Il nostro Universo ha avuto origine a seguito di un’enorme esplosione chiamata “Big Bang” circa 13,7 miliardi di anni fa; sappiamo che prima tutta la materia e l’energia sprigionate durante quest’esplosione erano compresse in un punto infinitamente piccolo e caldo.
Quando l’energia fu liberata, le particelle si allontanarono rapidamente l’una dall’altra e la temperatura salì fino ai 100 miliardi gradi Celsius (1011). A questa temperatura gli atomi non potevano esistere, quindi era un continuo scontrarsi di particelle subatomiche che avevano vita decisamente breve.
Quando poi l’Universo cominciò progressivamente a diminuire, aumentò anche la quantità di materia fino a che i protoni ed i neutroni non cominciarono a formare dei nuclei aggregandosi tra loro.

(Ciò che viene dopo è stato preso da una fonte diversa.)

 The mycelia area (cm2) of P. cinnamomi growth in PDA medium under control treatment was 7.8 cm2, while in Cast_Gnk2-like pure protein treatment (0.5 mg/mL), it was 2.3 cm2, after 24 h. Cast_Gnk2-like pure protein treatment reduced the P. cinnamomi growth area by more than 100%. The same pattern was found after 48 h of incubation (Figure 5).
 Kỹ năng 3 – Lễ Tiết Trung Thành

Infine, quando la temperatura raggiunse i 2500°C, questi nuclei cominciarono ad attrarre a loro anche degli elettroni e si formarono così gli atomi.

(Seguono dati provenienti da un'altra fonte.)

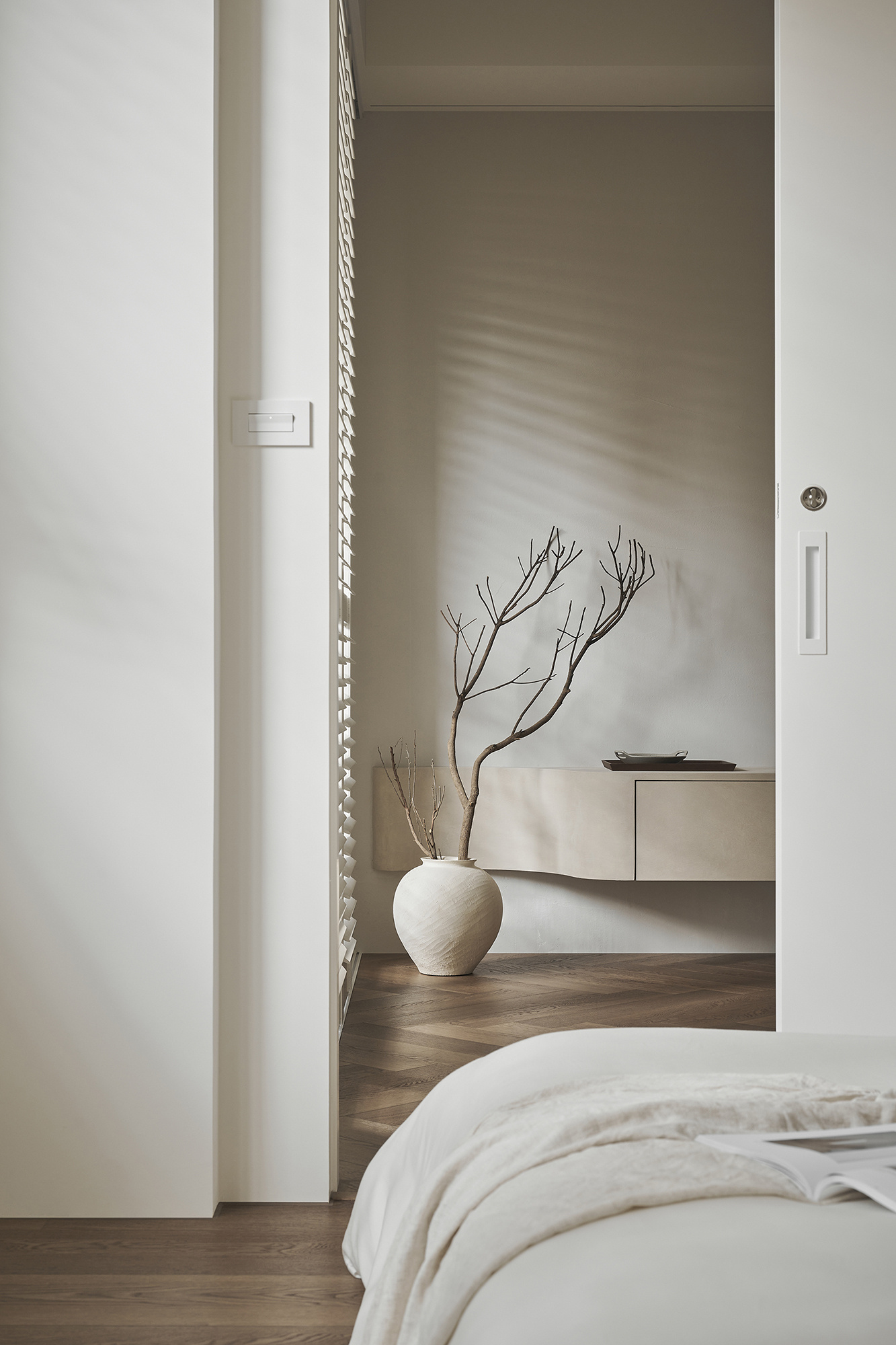 浅肌理墙面+人字拼木地板,搭配低饱和布艺沙发,弱化硬质线条; 通顶百叶窗柔化光线,局部置物柜+枯枝装饰平衡简约与温度。

Ma gli atomi non erano distribuiti in maniera omogenea: erano infatti presenti zone più dense e meno dense di materia. Possiamo sapere questo perché ora possiamo usufruire di potenti telescopi che ci permettono di guardare molto lontano, anche nel tempo.
Dove la materia è più densa, grazie all’attrazione gravitazionale, si raggruppa sempre più materia e si formano con un movimento rotazionale le nebulose primordiali, dalle quali nacquero, ad esempio, le stelle come il Sole.
Il sole è nato circa 5 milioni di anni fa e, come le altre stelle, ha avuto origine da un ammasso di polvere e gas (idrogeno ed elio) che ruotavano. La nube primordiale che poi diventò il Sole, quando si condensò, attirò gli atomi verso il centro per via della forza di gravità; la densità della nube crebbe e gli atomi al suo interno diventarono sempre più caldi, fino a che non cominciarono a scontrarsi e a fondere i loro nuclei, liberando energia nucleare: ed è questo il processo che dà vita all’energia che si irradia tutt’ora dal Sole.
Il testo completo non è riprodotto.